● **Assigned task**: Find all lines in the records that include the word "transducers", and copy them out.

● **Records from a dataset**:
- - - - - - -

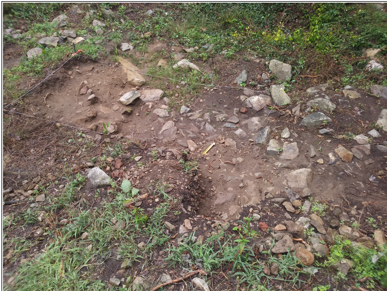
Figure 8. Southern portion of the 2018 excavation area, cobble and rock platform.
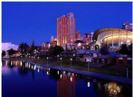
City skyline by night
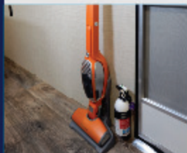
DUAL FUNCTION CORDLESS VACUUM
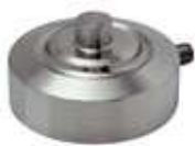
F13C1 Compression transducers

At tecsis you will find a comprehensive range of products. Our force transducers with thin-film technology or standard strain gauges are approved for use in hazardous zones.
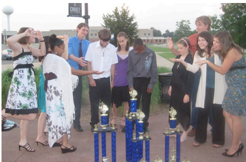
The runner-ups make sure the champs understand humility.

One thing I would say to people who will continue to quiz is this: We know quizzing is a competition where there are winners and losers. And just as with anything that glorifies God, the enemy doesn't like to see it and will try to distort or twist it in any way possible so we will try and focus on our own glory instead of God's. We all face temptations when we quiz. It's different for everyone, whether it's discouragement ("I know I can't beat so-and-so, so why bother?"), apathy, a win-at-any-cost attitude, or hardest of all—at least for me—getting you to focus on the quizzing more than the meaning of the Scriptures. Or maybe for you it's something else. We all have some temptations, and we probably all know what ours are. But remember that winners and losers in quizzing don't necessarily correspond to winners and losers in point totals. The true winners are the ones who, in the end, can overcome their temptations, put their focus on God, and try their best to give him his due glory. ✪

- - - - - - -

● **Final answer**:
F13C1 Compression transducers
At tecsis you will find a comprehensive range of products. Our force transducers with thin-film technology or standard strain gauges are approved for use in hazardous zones.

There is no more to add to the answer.